Insurance & Reinsurance
This content was written by BLM prior to its merger with Clyde & Co.
The long-awaited appeal in Cam v Belsner concerning what and how solicitors can charge their clients started and then stopped abruptly this week. Despite being foreshadowed in the appellant’s Grounds of Appeal and Skelton Argument, it became clear during the hearing that that the question raised – whether a retainer (CFA) entered into in an RTA claim that settled in the portal was a contentious or non-contentious agreement – deserved more scrutiny by the Court of Appeal than the time allotted, resulting in the appeal being adjourned to dates tbc (but this side of summer). The proper categorisation of the solicitor’s retainer is critical because of the differing approaches to charging clients.
It seems that the bench somewhat belatedly realised that the questions posed by the appellant (a) were far from straightforward (b) their determination could affect tens of thousands of claims a year and (c) turned on the problematic interaction of part III of the Solicitors Act 1974 (which defines contentious and non-contentious work) with fixed costs rules drafted some 35 years later.
These are issues of significant importance to the legal profession generally and to claimant solicitors in particular.

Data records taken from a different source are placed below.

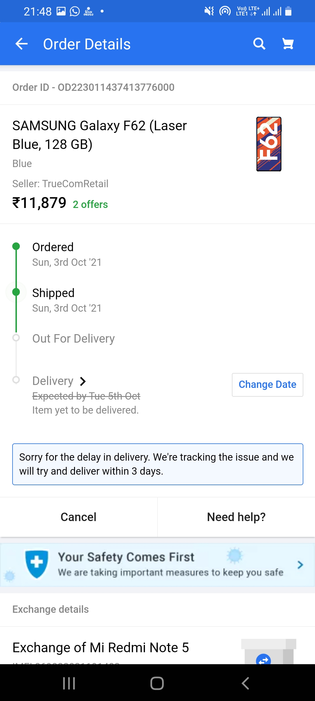 I had ordered a mobile phone Samsung F62 on 3 October 2021 from FlipKart during the sale under exchange scheme. The phone delivery date was first shown to be 5th-8th October. Then it was postponed to 13th October. I had formatted my phone since 4th October. There is no response from the company. When I booked a call on 13th they called me to wait for one day and gave me the assurance to look into the matter. Again I called on 14th and received the same answer. There is no update from the company regarding the status of my order till date. It is a kind of mental harassment from the company. Please do the needful.
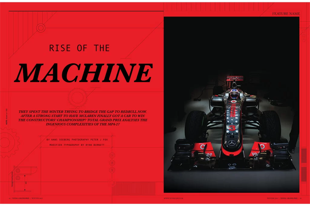 Moving onto my adaptation of the page. The font has changed for ‘Rise of the’ to the serif font Andale Mono. I think it makes the text look a lot sharper and minimalistic, and the large letter spacing makes the text stand out more, without being too big. ‘Machine’ has been kept in a serif font because although the Farnham font made it look a bit too vintage, I liked how the serifs combined with the italics established a flow of motion that compliments f1 nicely. This is why the Baskerville font has been used to replace this, in bold and in italics. This serif font has been stretched using open kerning to make it louder and more noticeable making it complement the sport more, due to Formula 1 also being a loud and eye-catching event. Originally the sub writing below the title was a serif font called Austin, the same font used in the subtitle. This was changed in the adaptation to the Farnham font with the use of italics and bold lettering. I think the bold italics have a great impact on the sub writing, as it brings in the flow of motion whilst making the text look more full of life with the bold lettering.
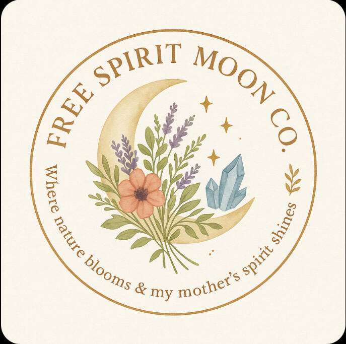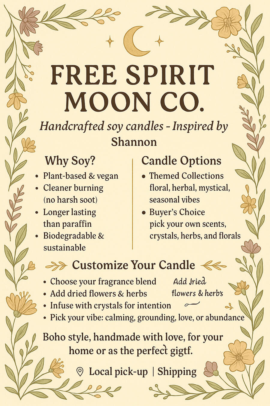 🌙 FREE SPIRIT MOON CO.Where nature blooms & my mother’s spirit shinesHandcrafted soy candles & spiritual creations inspired by Shannon.💫 About the BrandFree Spirit Moon Co. was created in loving memory of Shannon — a free spirit whose light still guides every flame.Each candle is handcrafted with intention, combining soy wax, crystals, and dried flowers & herbs to inspire calm, love, protection, and abundance.🕯️ Why Soy?Plant-based & veganCleaner burning (no harsh soot)Biodegradable & sustainableLonger lasting than paraffinCleaner for your home, safer for your health, and better for the planet.🌿 Dried Flowers & HerbsChoose your vibe:Calming / Cleansing – Lavender, Chamomile, Sage, Rosemary
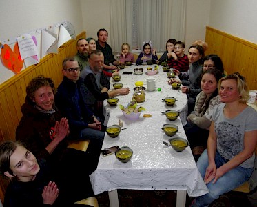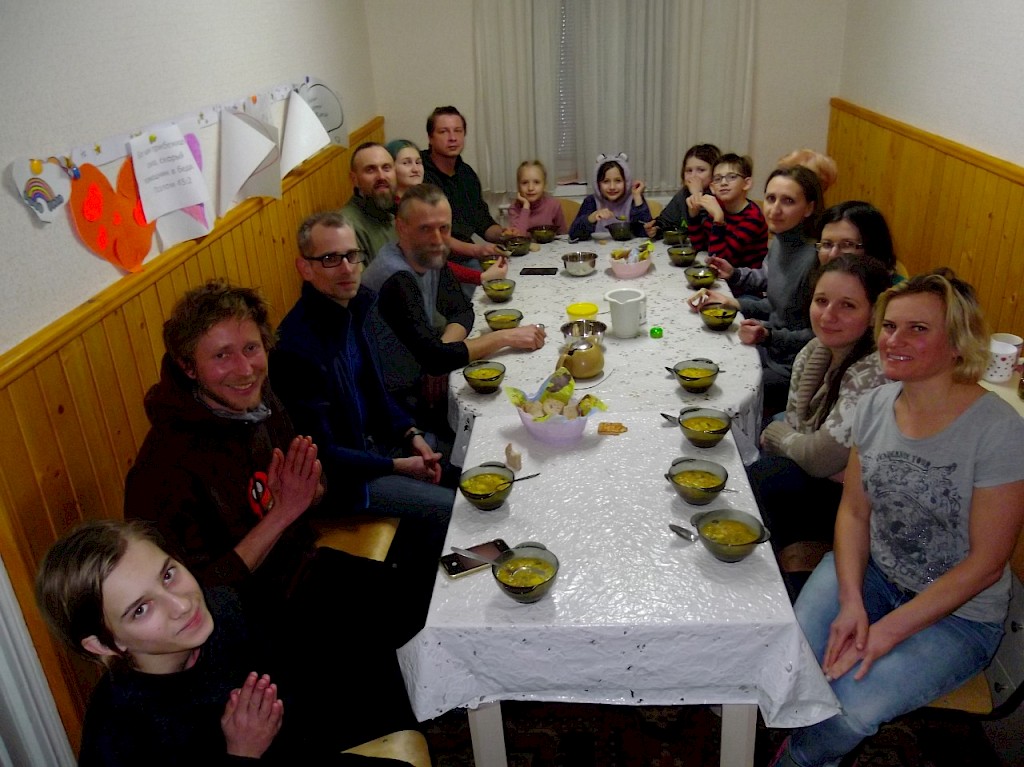 Gestern erreichte uns ein Anruf, ob wir einer Gruppe von Flüchtlingen für eine Nacht ein Dach über dem Kopf geben könnten. So trafen am Nachmittag 16 erschöpfte Menschen in Pawlowka ein.
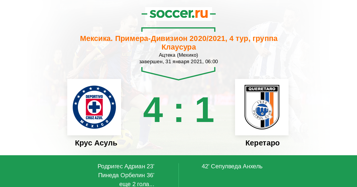 42' (2:1) Сепулведа Анхель (15) (Мадригал Фернандо (8))
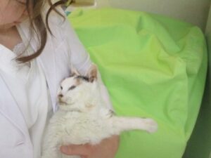 また、前足で顔を洗うことが苦手だったので、毎日目薬を差して拭いていました。
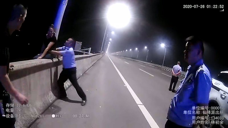 “如果将车停在远处,步行接近轻生女子,一定会被发现并止步。”朱旭曦说,“于是我们利用桥上通行车辆的掩护,直接将车停在了女子所在处,为下一步救援创造了有利条件。”
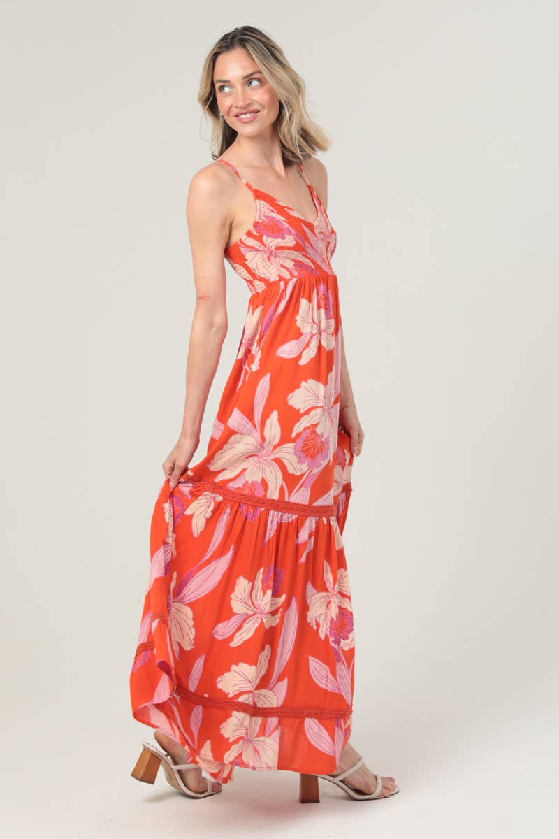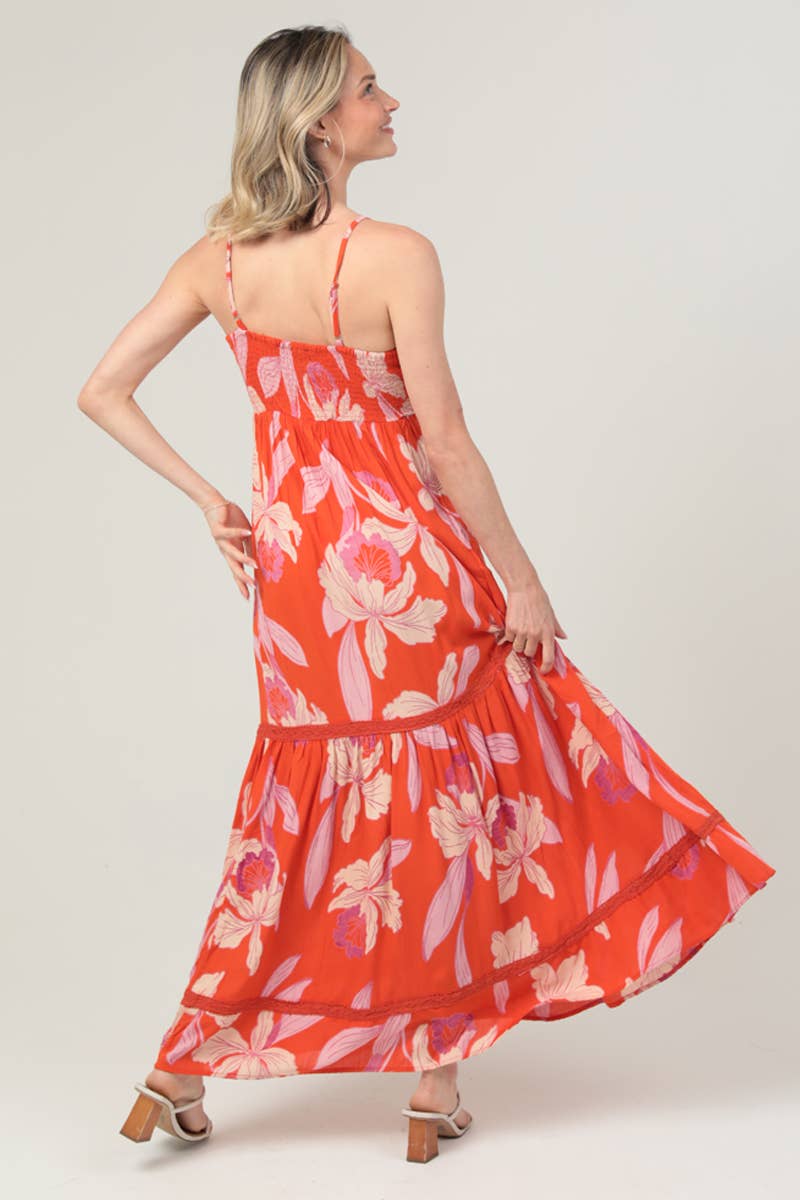 V-Neck Smocked Bust Floral Maxi Dress with Lace Trim – Angie

The precise basis on which a client can be charged, the status of CFAs and the interaction with the Pre-Action Protocols (such as the one applying to RTA portal claims) are of renewed relevance given the imminent extension by the MoJ of fixed recoverable costs to claims up to £100,000 in value and the ongoing exploration of alternative funding agreements such as Damages-Based Agreements.
Predicting the outcome of any particular claim is never a terribly wise move. That said, I’m confident that this case – however it is decided – will add further weight to the call for a root and branch review of the Solicitors Act to make it more compatible with modern litigation practice and client retainers.